Thorn touched gloved fingers against his talisman. He’d learned that direct physical contact, while slightly better, wasn’t necessary; it seemed that his intent to touch the old book was enough to let him focus his powers through it. Using it as a springboard, he cast his awareness ahead of the ship and pushed it through the dead space of hard vacuum until it brushed against the planet called Nebo.

Fire. Riven earth and shattered rock. Destruction, on an apocalyptic scale.

Death.

Thorn let his awareness snap back into place, like a stretched rubber band. It left him gasping for a moment, catching both his physical and mental breath as the echoes of Nebo began to fade from his awareness.

“Sir,” he finally said. “Stellers here. Nebo is dead. Utterly dead.”

 

 

1

 

 

“So it looks like every Starcaster, every single one, experienced essentially the same thing you did,” Tanner said, lifting a data slate so Thorn could see it. “The Hammerfall has reports from across four sectors, and they were still coming in when she passed out of range of real-time comms.”

Thorn quickly scanned the data slate. Seventy-one incidents were recorded, and three of them had been fatal—two Scorches who’d simply lost control of their powers and immolated themselves, and a Tidal who’d succumbed to a truly freakish accident. She’d had the misfortune to be on an EVA when the vision struck and managed to drown herself in her own vacsuit before anyone could intervene. Tidals could not only control water, they could make it, and in losing control of her ability, the ’caster shifted from target to victim in one fatal moment.

Thorn nodded. “When I first came to after the vision ended, I thought I heard screaming. Many people, all screaming together.”

“You made quite the bloodcurdling howl yourself, Stellers,” Tanner said.

“I thought it might be the stew,” the XO, Raynaud added. “That first mouthful almost made me scream, too.” She smiled, dark eyes lively, but Thorn could tell it was empty of humor, just an attempt to lighten the gloom gripping the Hecate’s bridge.

“The vision of what happened here affected all Starcasters, everywhere, all at once,” Thorn said, working through the implications.
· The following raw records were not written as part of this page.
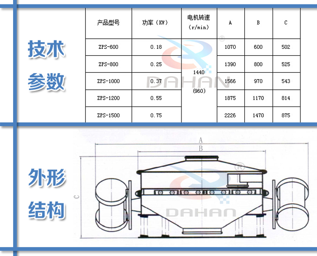 直排式振動(dòng)篩的技術(shù)參數(shù)及結(jié)構(gòu)示意圖: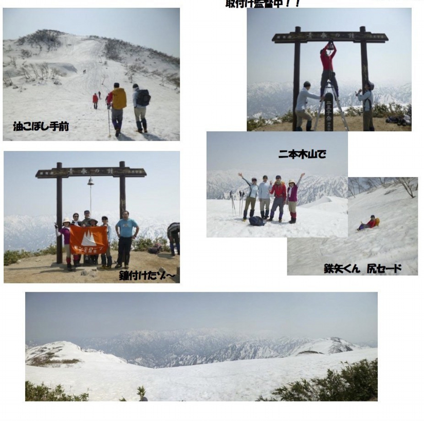 ランチ後、お天気も良く時間も早いので「二本木山」に向かいました、 九原君は鉄矢君の後をしっかり付いて歩きその後ろから私は遅れ気味・・・25分ほどで山頂。初めての二本木山山頂からは手を伸ばすと大きな飯豊が届くような、それ程近 くに感じられました。二王子岳も良く見え登山者が次々に登っていくのが見えました。 登り返して9合目の雨量計へ、油こぼしは尻セードで滑り、その後も3ヶ所尻セード、 恒例のお楽しみで大いに笑い皺は増えましたが気持ちは若返りが出来ました(^^) 青年達は、シートに二人乗りで尻セード、ズボンがビショビショでしたが、こちらも大 笑いで楽しそうでした。5合目、2合目で小休憩をして無事神社着。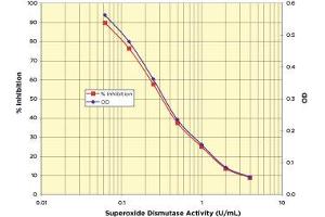 Inhibition values can be obtained by dividing the measured Mean OD for the standard or samples by the Mean OD for the Zero standard (No SOD) and multiplying the result by 100.
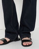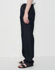 パンツは絶妙な太さのストレートシルエットで抜け感がありつつも、腰骨の上に掛かるジャストウエストのデザインでカジュアル過ぎないすっきりとしたバランスに。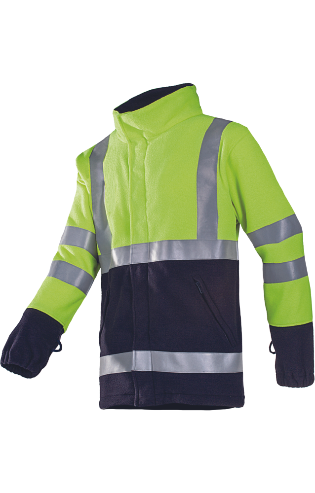 • pánská Hi-Vis fleecová bunda se stojáčkem • zapínání na zip kryté légou s druky • ochrana pře tepelnými účinky elektrického oblouku a statické elektřině • 2 boční kapsy a 2 vnitřní kapsy • elastické zakončení manžet rukávů a spodního okraje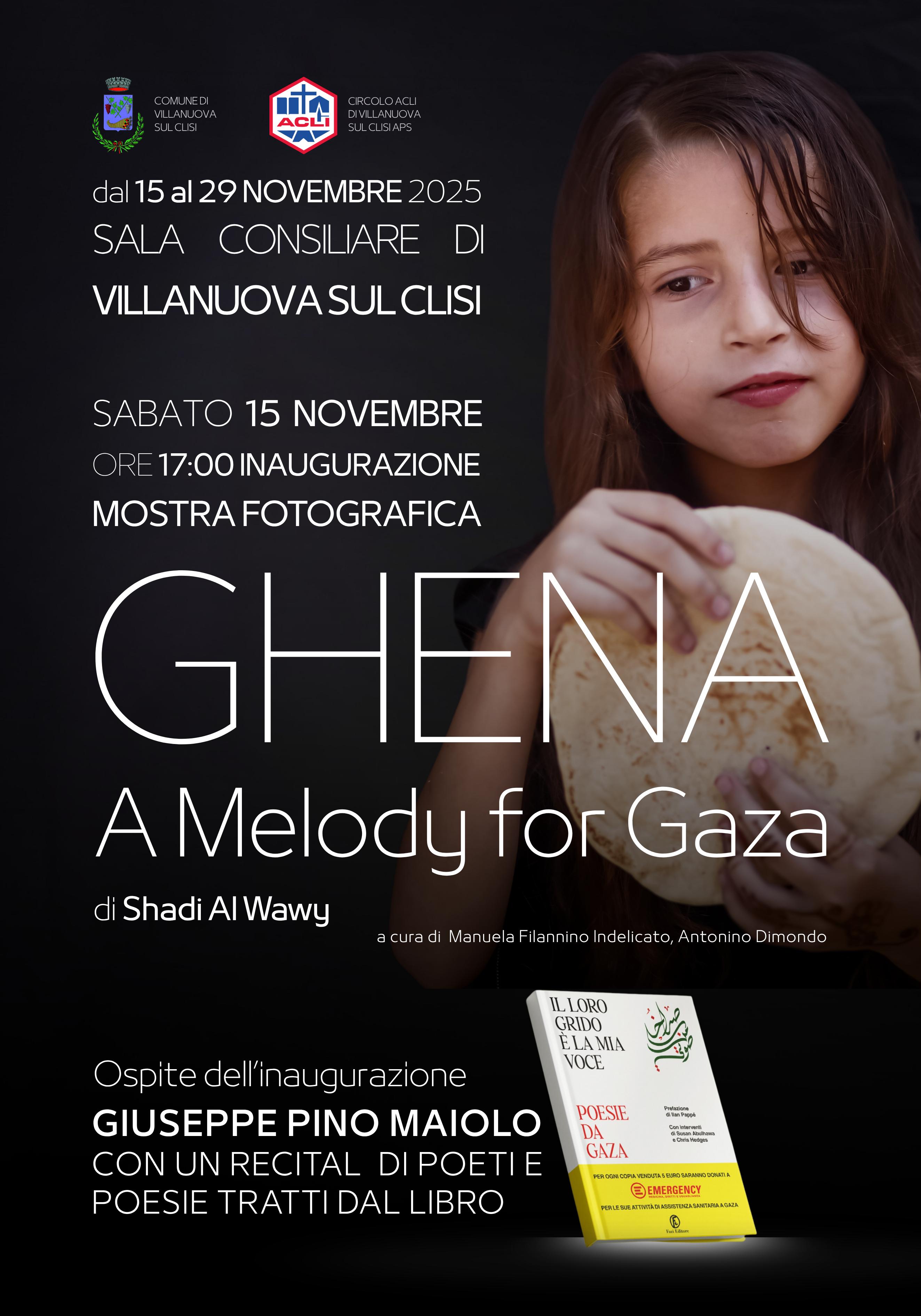 Sarà ospitata presso la Sala Consiliare del Comune di Villanuova sul Clisi la mostra fotografica itinerante “GHENA. A Melody for Gaza”, un progetto di Shadi Al Wawy, a cura di Manuela Filannino Indelicato, Antonino Dimondo e Ilaria Giani. L'organizzazione dell'esposizione è a cura del Circolo Acli di Villanuova.

Or trying to. It was all new to him

“So it appears,” Tanner replied. “What does that mean?”

“I have no idea, sir.” He’d already recounted as much of the horrific vision as he could remember to Tanner and the Raynaud, holding nothing back. “It must have something to do with that little girl. She was clearly powerful—hell, powerful enough to shield herself from a KEW (Kinetic Energy Weapon) impact and knock more KEW’s right out of the sky.”

“That sounds like some you-level magic,” the XO said.

Thorn shook his head. “I doubt I’d be able to pull that off, ma’am—not without doing things to reality that we might really regret. What she did doesn’t seem to have had any lasting effects, though. And she was just a little kid—three or four years old, maybe. I’ve never heard of a child manifesting more than the occasional, random effect, like starting a fire, freezing the water in a pot, that sort of thing. It’s just enough to flag the fact they actually have magical talent, and that’s it.”

Tanner turned to the main viewscreen. “Well, it seems the Nyctus somehow recognized what she was capable of and decided to put an end to it,” he said, his voice soft and somber.